I woke up at 4am on Saturday morning at the scenic Super 8 motel in nearby Anna, Illinois. I got a full 8 hours of sleep which is unusual for me because I usually don't get 8 hours of sleep anywhere, let alone the night before a race. I went to the bathroom several times, put on my kit (including my Dumbasses with Shoes shirt -- cotton ones available now for $15), and double checked my drop bags.


I made my way to the starting line and met up with Steve "The Dude" Novicki, Erin, Theresa, Michelle, and Ramon. I had met a few of these guys at races previously and they all know my sister so I just kind of tagged along with them for a bit. The Dude was racing the hundo as well so we sort of informally agreed to stick together for as long as we could. Here we are at the starting line full of hope and promise but before the day turned into a sufferfest... much like the first Chronicles of Narnia movie!

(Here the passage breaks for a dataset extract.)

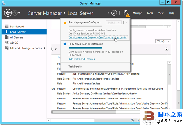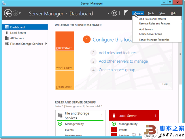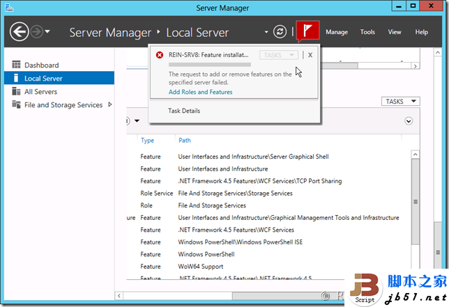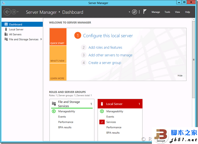 在某些功能安装完毕后需要配置,就会显示一个感叹号,表示完成需要配置。 如果在安装过程中出现了错误,小旗子就会变成红色,提示发生了错误。 这样的功能意味着可以同时安装多个功能或添加多个角色,并且不需要一直僵持在安装界面,在完成时或需要配置时会进行提醒。接下来再看看左侧,左侧相比旧版本的Server也发生了非常大的变化,变得非常的简洁,只有四个大块,分别是仪表板、本地服务器、所有服务器以及文件和存储服务。

Look at how big my feet look! Life is hard when you're a hobbit. "Oh, let's send you on this dumbass quest and give you really unwieldy feet with which to do it! You think the wide base is going to give you a competitive advantage? You're about to find out you're a total idiot. Not a partial one. A total one." That's two high-fantasy references in the last two paragraphs. Don't worry, Sue still thinks I'm wonderful and lovable.

The Dude and I stuck together for the first 25 miles. It went really well. We met up with his crew a number of times. They kept jamming things in my mouth which normally I am NOT into but these were peanut butter and jelly sandwiches so I was FOR SURE into it. Off we went for our second 25 miles. A few miles in, I noticed that The Dude and I were at different paces and we decided to split up for the time being. I rolled into the aid station at mile 36 and his crew which I had been utilizing until then asked "Where's Steve?" I told them "Uh... that way?" as I pointed back down the trail and then reassured them that I wasn't a total turd and that he told me to go run my own race. Here's a picture of me and The Dude still having fun.

I got back to the start/finish line at mile 50 in just a little over 12 hours. My feet felt pretty rough at this point in time, so off came the shoes and out came the blister kit. I can almost safely say that I will not be the cause of a blood zombie lycan outbreak thingy in Southern Illinois as a result of my amateur attempts of trying to fix my feet in the dark by myself. I put my socks and shoes back on and thought, "I've got 18 hours to finish this thing... That's like two 9-hour marathons! I can totally do this!"

I went out for my third 25 mile stretch. It had been dark for a little over two hours by now. All I heard were the crushing of leaves under my feet, the grinding of limestone rocks under those leaves, and the occasional owl. It was cold. It was dark. It got depressing. Real depressing. Like listening-to-an-Evanescence-record-album-in-your-room-by-yourself depressing. Or like Kelly-dumps-Zack-before-the-prom-for-the-college-guy-Jeff depressing. I saw the reflection of several deers' eyes in the woods and had to convince myself that there aren't mountain lions in Illinois (there aren't). I thought I saw a giant once but it turned out it was a STOP sign. I saw a woman named Mel wander off into the woods for a bit. How do I know her name was Mel? Because her pacers let her go off for a few seconds, laughed, and then asked "Hey, Mel. What are you doing in the woods? Why don'tcha come back to the trail?" I listen. I'm attentive. I'm Grade-A boyfriend material.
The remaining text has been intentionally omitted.